Fifth Year of Teaching

I am almost three weeks into my fifth year of teaching! It is hard for me to believe that I have been in the classroom for that long, and even harder to believe that I actually survived my first few years. Thinking back and looking back on some of my journals from that time period, I think the first year or two of teaching may have actually been a sort of living hell for me. Nothing like how I feel about the job now.

That last week of summer leading up to my first day as a teacher was racked with fear. I think I might have slept an hour or so a night, and when I did finally sleep I often had nightmares of the first day of school. And that last Sunday, I felt like I was going to sick up and had swallowed a ball of dry ice.

Compare that with how I felt this last week of summer. It's not that there was a total lack of nerves, because there wasn't. Rather I felt anticipation and focus. Not fear. I knew what to expect and I knew what I had to do in order to be successful this year. I still have dreams about going back to school (they typically start in late July) but no longer do they cause me to wake up in a cold sweat wondering how I was going to survive the year and what the HELL had I gotten myself into.

Looking back, I can say that last year was the year that I finally realized that I was going to be in the Education business for the long haul and that this was where I needed to be. Before that point, I was always looking for something else. Something that didn't have the stress and dread that teaching had meant before. I was associating fear with a desire to do a different job. ANY job.

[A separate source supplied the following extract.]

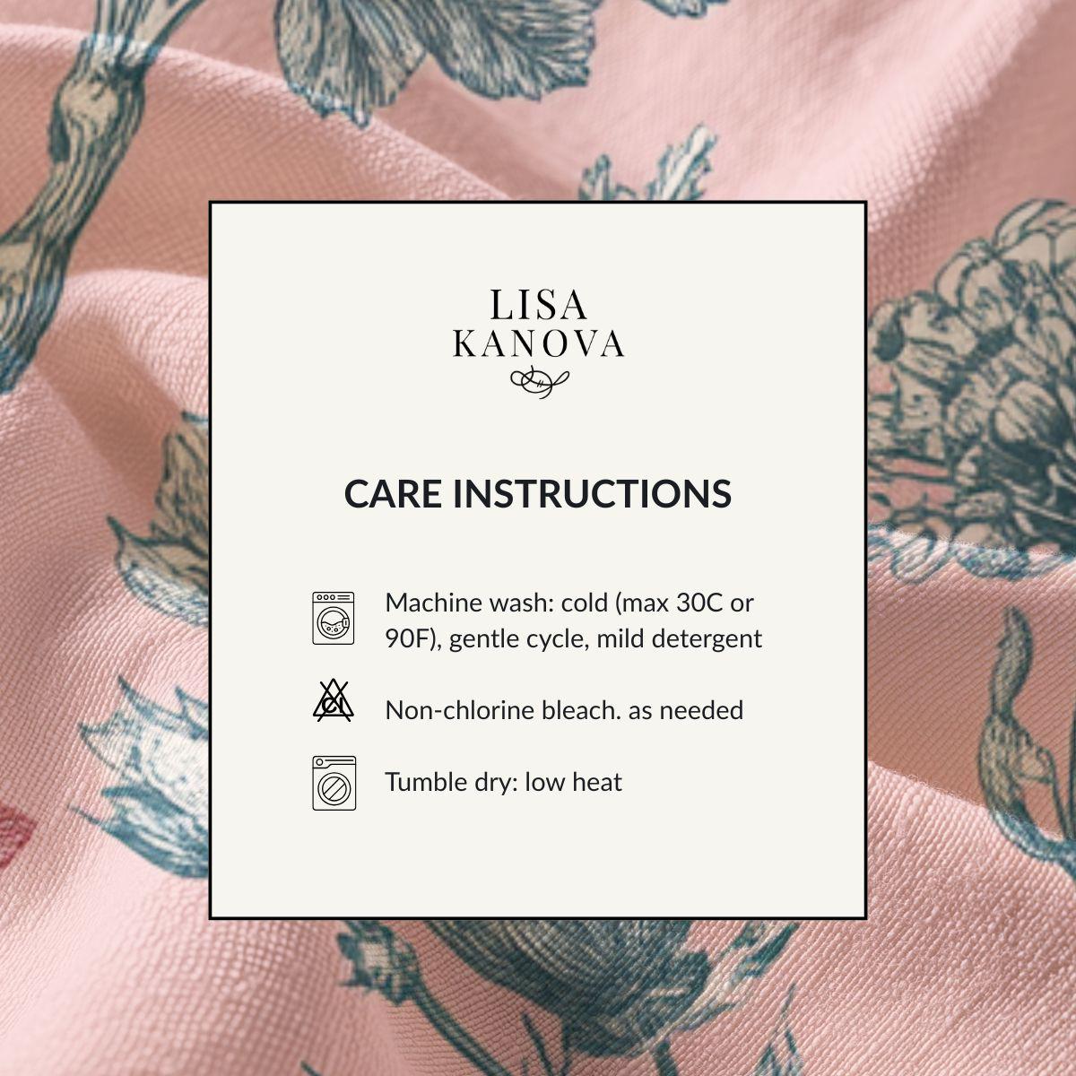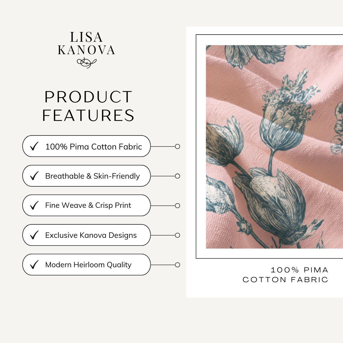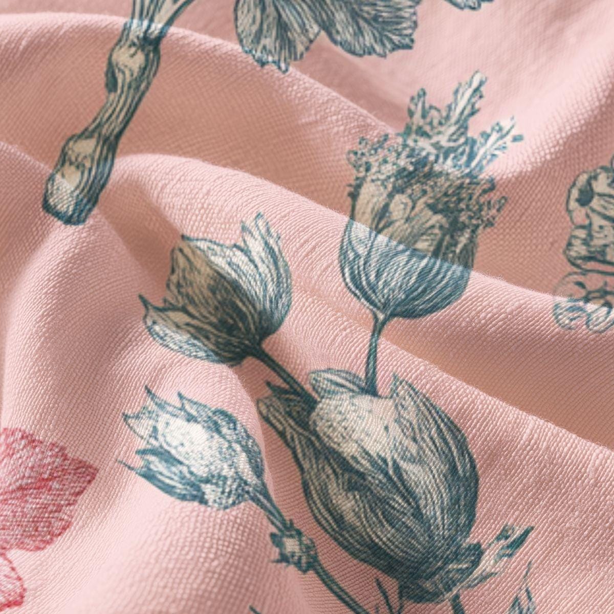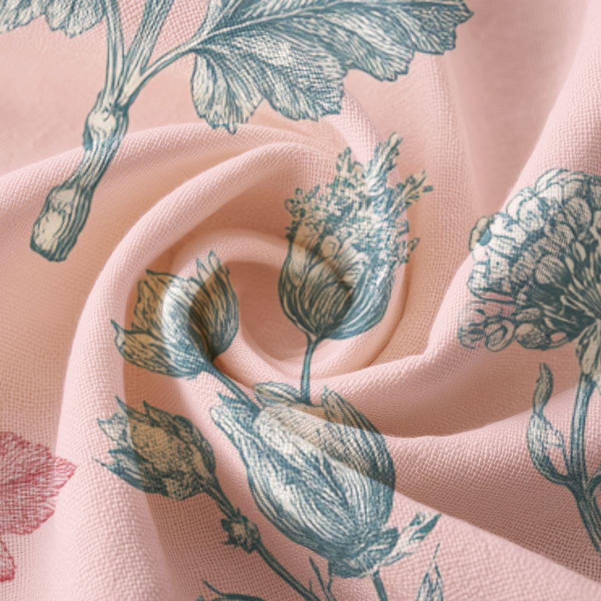 Soft, breathable fabric with a gentle vintage botanical print that settles like a whisper against the skin. The combed Pima cotton has a satiny hand and lightweight drape, making it feel like a second-skin during warm mornings or layered evenings. The muted rose-pink background and delicate grey-blue floral etchings evoke a quiet garden stroll—calm, collected, and a little nostalgic. This piece suits someone who values understated elegance and comfort, whether worn at home with tea, carried on a weekend away, or layered for a casual brunch. The printed panels may be cut after printing on certain sizes, giving each item a subtly unique placement of the pattern.

Now I buying into education for the long haul. I know this is where I am going to spend my career and I am honestly excited and happy about that. This next Spring semester I will begin my Master's in Education Administration and will hopefully be moving on to the next stage of my professional career. Onward and upward.

No longer do I feel that I am simply keeping my head above water. The first three years were really all about survival. Just making it to four o'clock (I never knew a 45 minute class could last so long) without having my students start a riot and hoping and praying that they somehow learned something during the course of the instructional period.

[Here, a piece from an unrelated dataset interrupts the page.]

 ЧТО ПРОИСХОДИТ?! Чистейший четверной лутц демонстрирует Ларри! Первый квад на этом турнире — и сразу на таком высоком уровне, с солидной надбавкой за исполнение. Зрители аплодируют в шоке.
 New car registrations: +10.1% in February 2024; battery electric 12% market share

For the past two years though, school days fly by and I KNOW that my students are learning and taking things away from my class.

If I could say anything to first, second or third year teachers, it's this:

Hang in there. Don't give up. Yes it is going to be a struggle. Yes you are going to want to quit. Don't. No you are not the only teacher who thinks they have made a horrible, horrible mistake. Soon you will reach your groove and teaching will no longer seem a Herculean task. Instead you will walk around with your head held high because you KNOW you are an educator and you KNOW you are making a difference. I can guarantee you that every teacher had stood where you stood, paralyzed with fear and indecision. You will survive. And if you continue to learn and push yourself, you will thrive.